[[ AVAILABLE DATA open ]]

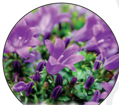
Campanula patula Wiesenglockenblume dzwonek rozpierschty Spreading bellflower
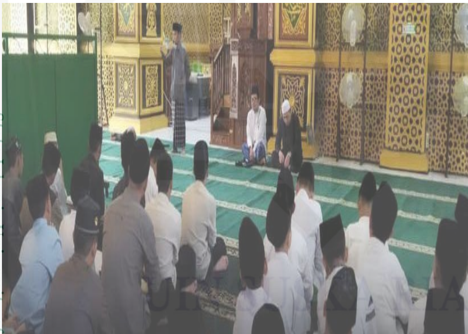
Dokumentasi musyrif memberikan evaluasi kepada santrinya
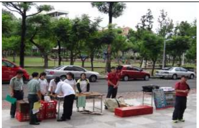
大規模災難物資發放演練
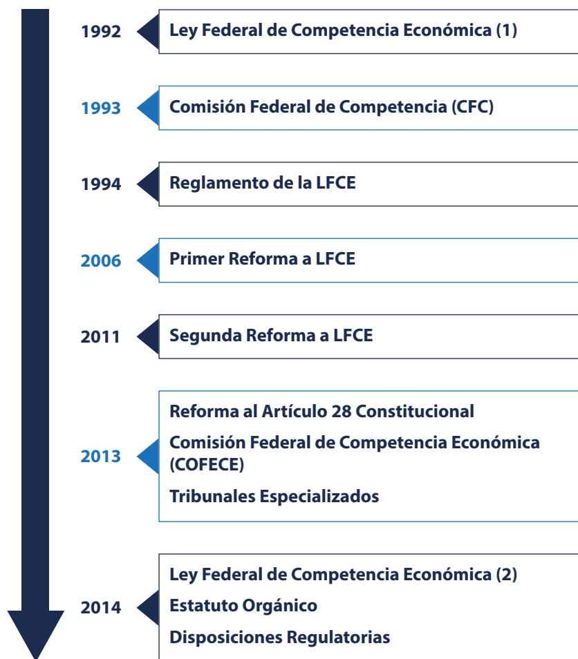
Figura 3. Evolución del marco institucional y jurídico de competencia en México

En México, la competencia económica es un bien tutelado por el artículo 28 constitucional. Aunque la primera ley de la materia data de 1992, el sistema fue reforzado recientemente a través de una reforma constitucional (2013) y la emisión de la nueva Ley Federal de Competencia Económica (2014) (LFCE o Ley). A raíz de estos sucesos, el país ha pasado por un importante proceso de fortalecimiento institucional. Los principales momentos en la evolución del marco institucional y jurídico de competencia se muestran en la Figura 3.
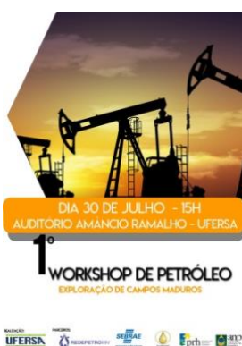
Cartaz do Evento
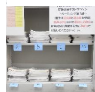
英語演習問題冊子
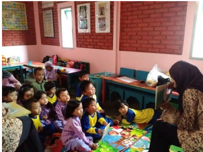
Gambar 4.4 Pelaksanaan Posttest

bercerita. Pengukuran tahap akhir ini dilakukan sebanyak satu kali setelah dilakukan treatment sebanyak tiga kali.
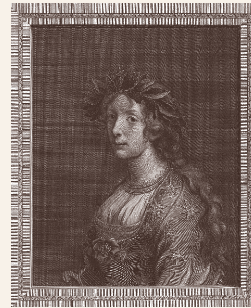
Πορτρέτο της Σαπφώς. Χαρακτικό των Ρόμπερτ Στρέιντζ και Κάρλο Ντόλτσι, 1787.

Ο έρωτας, προς τις γυναίκες κυρίως, είναι το βασικό θέμα της, ακόμη και σε προσευχές και ύμνους όπως το μοναδικό ποίημα που μας σώθηκε ολόκληρο, η Προσευχή στην Αφροδίτη . Σύμφωνα με τον Φ.Ι. Κακριδή, οι
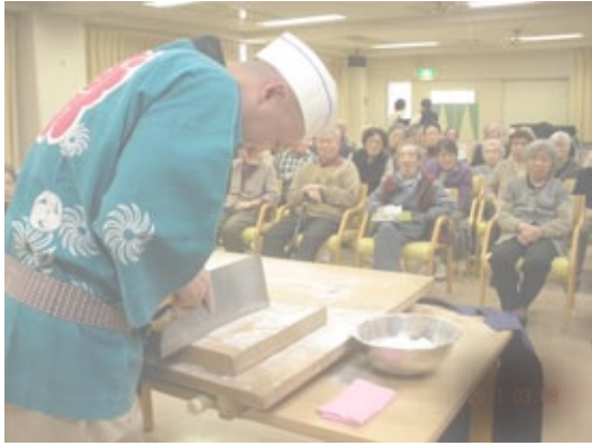
そばを目の前で包丁さばきを披露する職人さんにご利用者の視線は釘付けです

デイサービスでのイベントは様々ありますが、今年、「そば打ちショー」が多目的ホールにて開催されました。そば打ちの職人さんは、メイクにて工程を説明され、ご利用者の質問にも分かりやすく答えてくださり、興味深そうにそばを打つ様子を覗き込む姿が多く見られました。
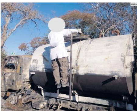
EL INCENDIO. Además del combustible irregular, las autoridades encontraron varios contenedores, así como 13 vehículos y dos motocicletas.

"La siguiente semana estaremos poniendo los taches físicamente (imagen) en las gasolineras que se pasen de listas con los precios, pues se veían la barda con lo que ganan a cada litro de gasolina". Iván Escalante, titular de Profeco.
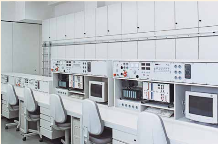
Komplette Büroeinrichtung: Neben Laborarbeits-tischen entwirft und fertigt erfi auch Büroeinrichtungen. Damit wurden Unternehmen wie Heidelberg Druck oder Mercedes Benz ausgestattet.
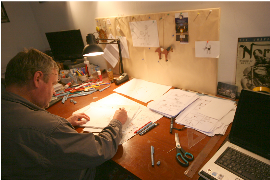
3/ Pavel Koutský, Praha, Kampa 27. 8. 2013
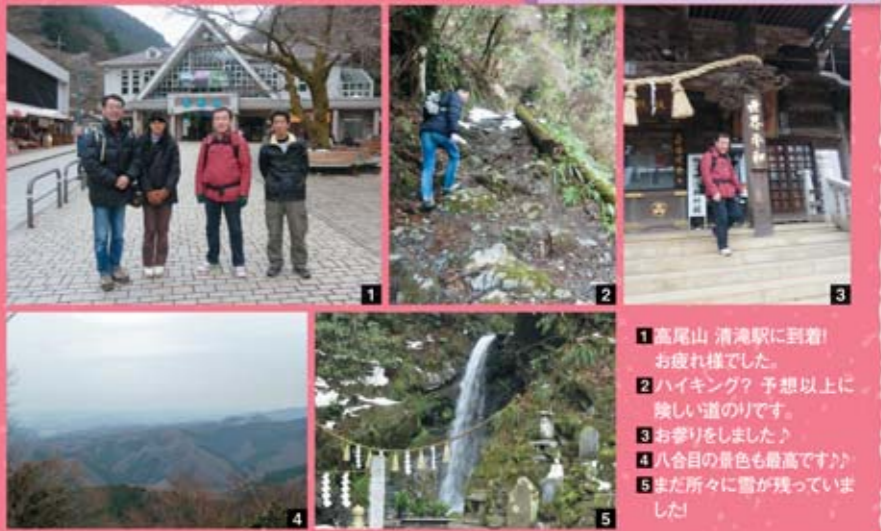
1高尾山 清滝駅に到着! お疲れ様でした。 2ハイキング? 予想以上に険しい道のりです。 3お参りをしました♪ 4八合目の景色も最高です!! 5まだ所々に雪が残っていました!
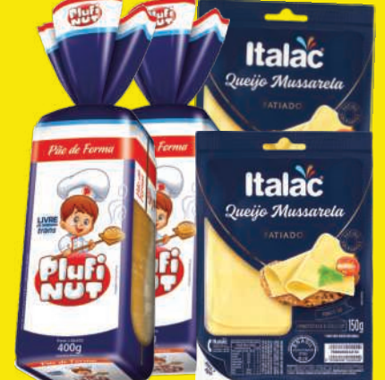
Queijo Mussarela Italic Fat. 150g ou Pão de Forma Plufi Nut 400g 7,99 , un.
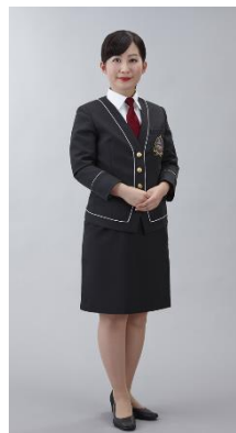
ジャケット着用時

車内サービスを担当する専属アテンダントの制服は、観光特急「青の交響曲（シンフォニー）」のコンセプト「上質な大人旅」に相応しいシックなデザインとしました。ジャケットは黒の生地に「青の交響曲（シンフォニー）」のエンブレムと、外装のラインイメージに合わせた金のボタンをあしらいました。車内ではホテルラウンジサービススタッフをイメージしたシンプルで清潔感のあるスタイルでお客様をおもてなしいたします。

[[ AVAILABLE DATA closed ]]

§ INSTRUCTIONS FOR THE TASK: Extract the lines exactly, please: the first line of the listing, the line with "Figura 3. Evolución", and every line between them, but no pictures.

§ ANSWER BELOW:
Campanula patula Wiesenglockenblume dzwonek rozpierschty Spreading bellflower
Dokumentasi musyrif memberikan evaluasi kepada santrinya
大規模災難物資發放演練
Figura 3. Evolución del marco institucional y jurídico de competencia en México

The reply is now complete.